When we talk about realtime in combination with web apps, mobile apps and IoT devices we mean something different to realtime in vehicle breaking systems or the USS Enterprise warp core safety system. The latter require hard realtime; when antimatter containment is lost that core needs to be ejected within a hard deadline or the ship is lost. Realtime on the web is generally soft; the usefulness of the data can degrade over time without system failure.
So, you don't want to control your warp core safety system using a realtime web framework. But there are still plenty of use cases and some of those can be business critical. You just need to be aware that you're reliant on network infrastructure (the Internet) that you many not control to relay messages - and have appropriate fallbacks within your system.
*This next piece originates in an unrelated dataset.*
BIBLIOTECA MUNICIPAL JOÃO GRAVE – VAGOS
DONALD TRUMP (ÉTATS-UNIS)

You're probably wondering how fast are these realtime frameworks then? Based on the stats I've gathered from six hosted services the average of all those providers is around 380ms from a message being sent to it being delivered.
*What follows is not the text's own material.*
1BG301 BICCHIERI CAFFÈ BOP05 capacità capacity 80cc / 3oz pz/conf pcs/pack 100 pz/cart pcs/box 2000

The use cases for the technology vary widely but can roughly be broken down in to the following:
- Notifications & Signalling
- Activity Streams
- Data displays
- Second Screen experiences
- Live geolocation tracking
- Multi-user collaboration
- Multiplayer games
Now that we've covered a bit of background about the technology and how it's being used let's have a brief look at the history and current status of the realtime connection transports.
Many years ago - at least as far back as 2000 - there were a few companies that were doing all they could to work around the request-response limitations of HTTP. Those companies had a use case where they needed to push information from the server to one or more web browsers as soon as the data became available (this is way before IoT and connected devices were on anyone’s radar.).
In 2000 the
XMLHttpRequest object didn't exist within web browsers and the term AJAX hadn't even been invented. Realtime Web pioneers would work around browser limitations with Java Applets (remember those?), FRAMES, IFRAMES, dynamically generated script tags, ActiveX controls and all number of hacks to try to maintain a long-held connection between client and server.
Even when the
XMLHttpRequest object arrived it didn't help because it started out being only available in IE (created for Outlook Web). Even when the other browsers adopted it, it wasn't easy to maintain a persistent connection between client and server. Browser quirks and security limitations held realtime technology advancement, adoption and usage exploration back.
So we hacked! And hacked! And worked around the imposed limitations.. And this is why HTTP-based solutions like HTTP-Streaming and HTTP Long-Polling are traditionally hacks; they worked around protocol and browser limitations and restrictions; they did this in inconsistent ways and played on browser quirks to achieve the desired server-push functionality.
Note: If you're also interested in a higher level background about how realtime went mainstream take a look at the History, Background, Benefits & Use Cases of Realtime part of my realtime web tech guide.
If HTTP-based solutions are so "hacky" why do so many realtime solutions still use them? Remember those browser quirks? Well, we now have standards! The ways you would achieve in-browser HTTP Streaming and HTTP Long-Polling became standardised and much easier to achieve, no matter which browser is used.
So are HTTP Streaming and HTTP Long-Polling still hacks? These HTTP-based solutions are used in so many frameworks and there are use cases where they are a good fit. Specifically, when the majority of communication is from server to client (see HTTP Shortcomings below).
Looking at the glass half full, HTTP does work everywhere. Proxies and firewalls understand HTTP and know how to work with it. There are still pieces of network infrastructure that don't like long-held connections so we do still need Long-Polling and even standard polling right now.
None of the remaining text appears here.